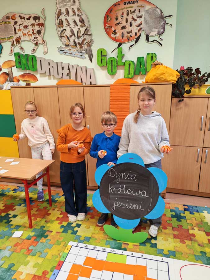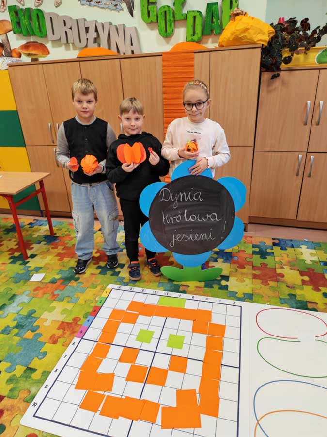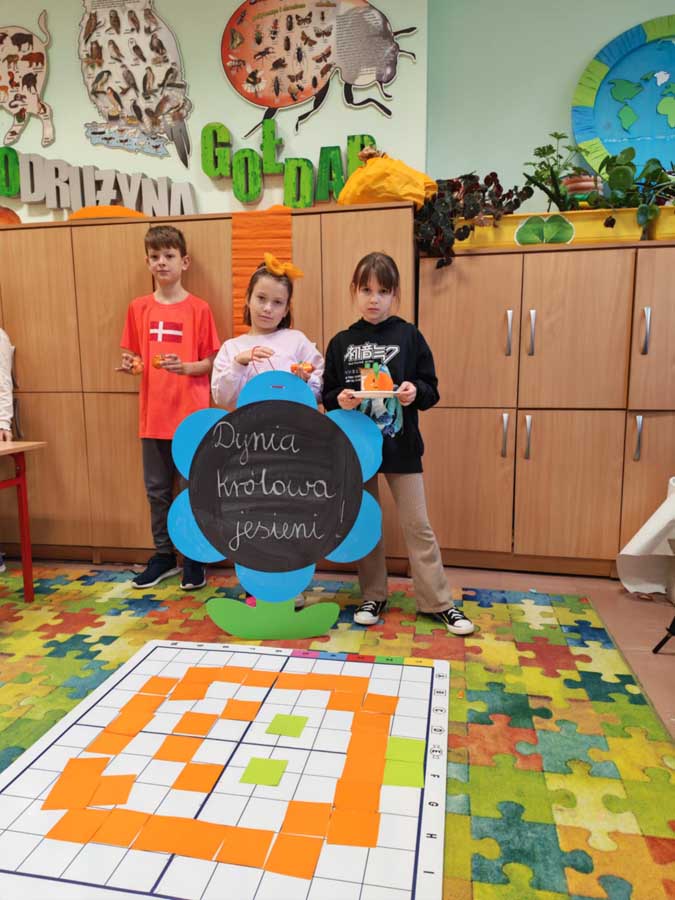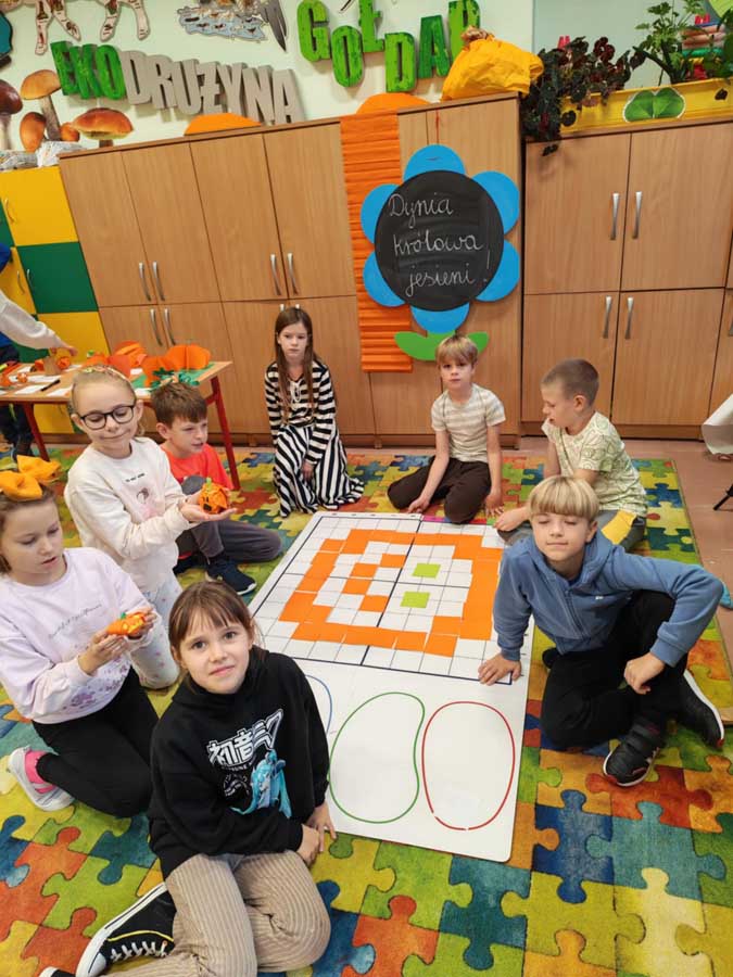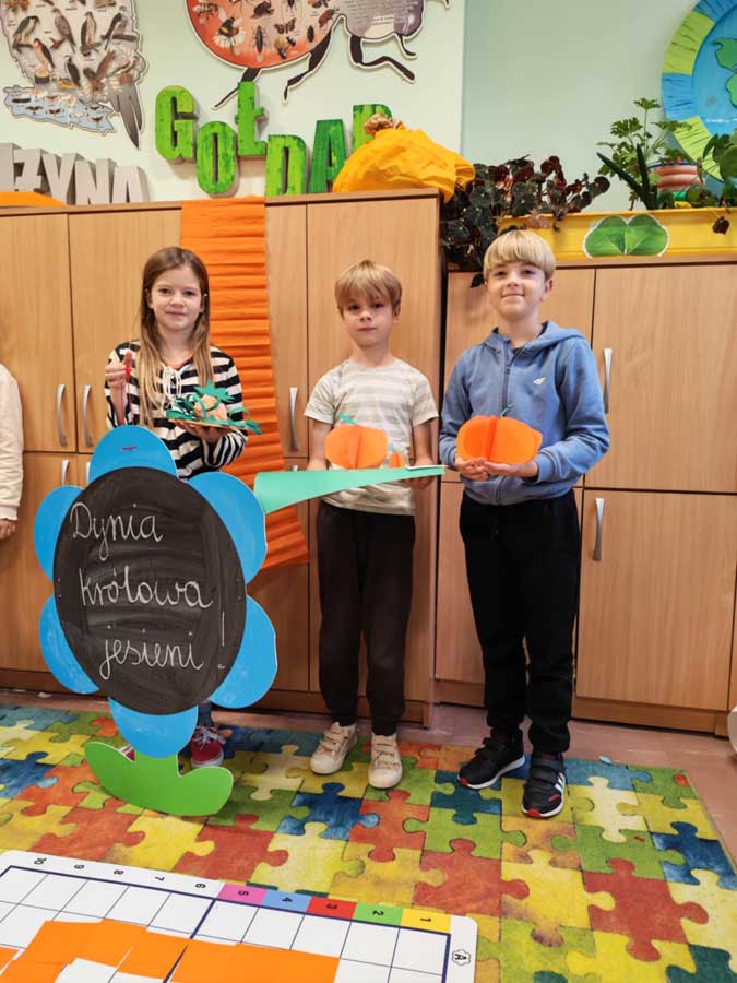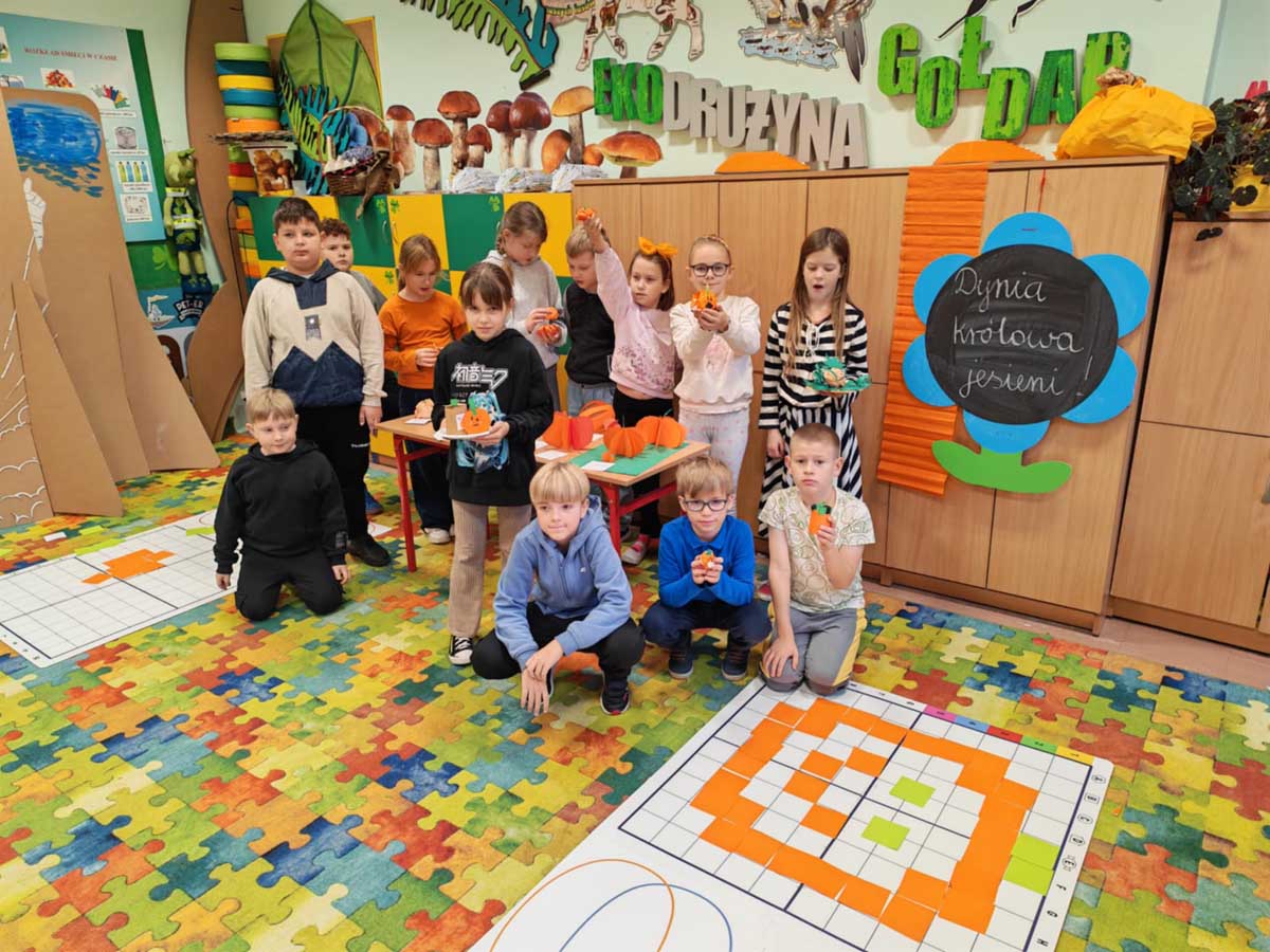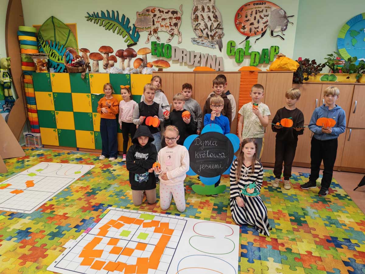 Podczas listopadowych poranków odkrywaliśmy uroki jesieni. Były twórcze zabawy łączące aktywność fizyczną z matematyką, językiem polskim, muzyką, plastyką i przyrodą. Zaczęliśmy od Dnia Dyni – poznawaliśmy wtedy różne jej odmiany. Opisywaliśmy je, kodowaliśmy i rozwiązywaliśmy zadania z treścią.
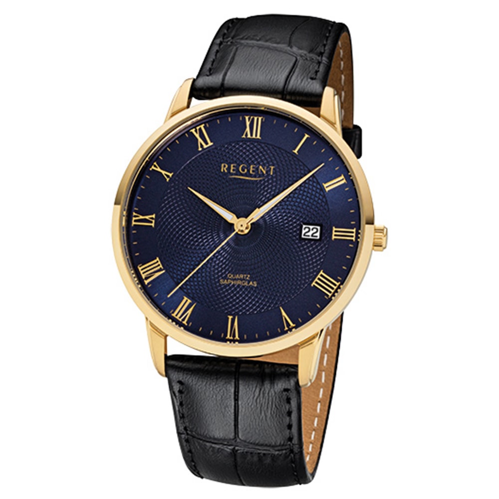 Regent Herrenuhr F-1032 Quarzuhr mit Leder-Armband schwarz URF1032
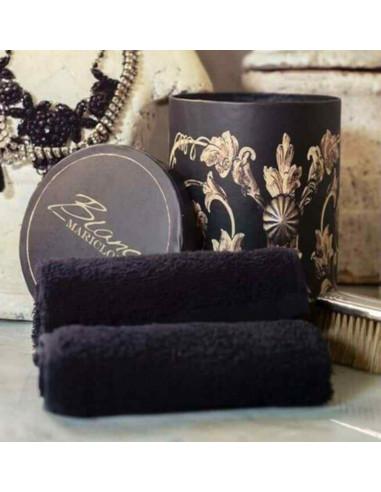 Elegante scatola regalo firmata Blanc Mariclò contenente tre soffici lavette nere di puro cotone della misura di 30x30cm. Oltre all'utilità delle morbide lavette è possibile utilizzare la scatola come oggetto decorativo per le nostre camere da bagno.
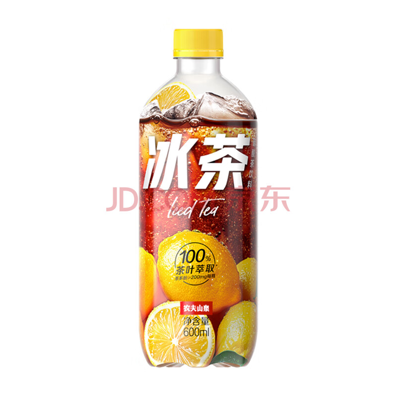 农夫山泉冰茶冰爽碳酸柠檬红茶气泡饮料600ml*15瓶100%茶叶萃取饮品
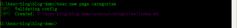 前往你的Hexo博客根目录,打开cmd命令窗口执行hexo new page categories。
--------------------------------------------------
§ YOUR ASSIGNMENT
What you should repeat exactly is the run of lines from the top of the listing above through the line with "Regent Herrenuhr F-1032", without pictures.

§ REPLY
 Podczas listopadowych poranków odkrywaliśmy uroki jesieni. Były twórcze zabawy łączące aktywność fizyczną z matematyką, językiem polskim, muzyką, plastyką i przyrodą. Zaczęliśmy od Dnia Dyni – poznawaliśmy wtedy różne jej odmiany. Opisywaliśmy je, kodowaliśmy i rozwiązywaliśmy zadania z treścią.
 Regent Herrenuhr F-1032 Quarzuhr mit Leder-Armband schwarz URF1032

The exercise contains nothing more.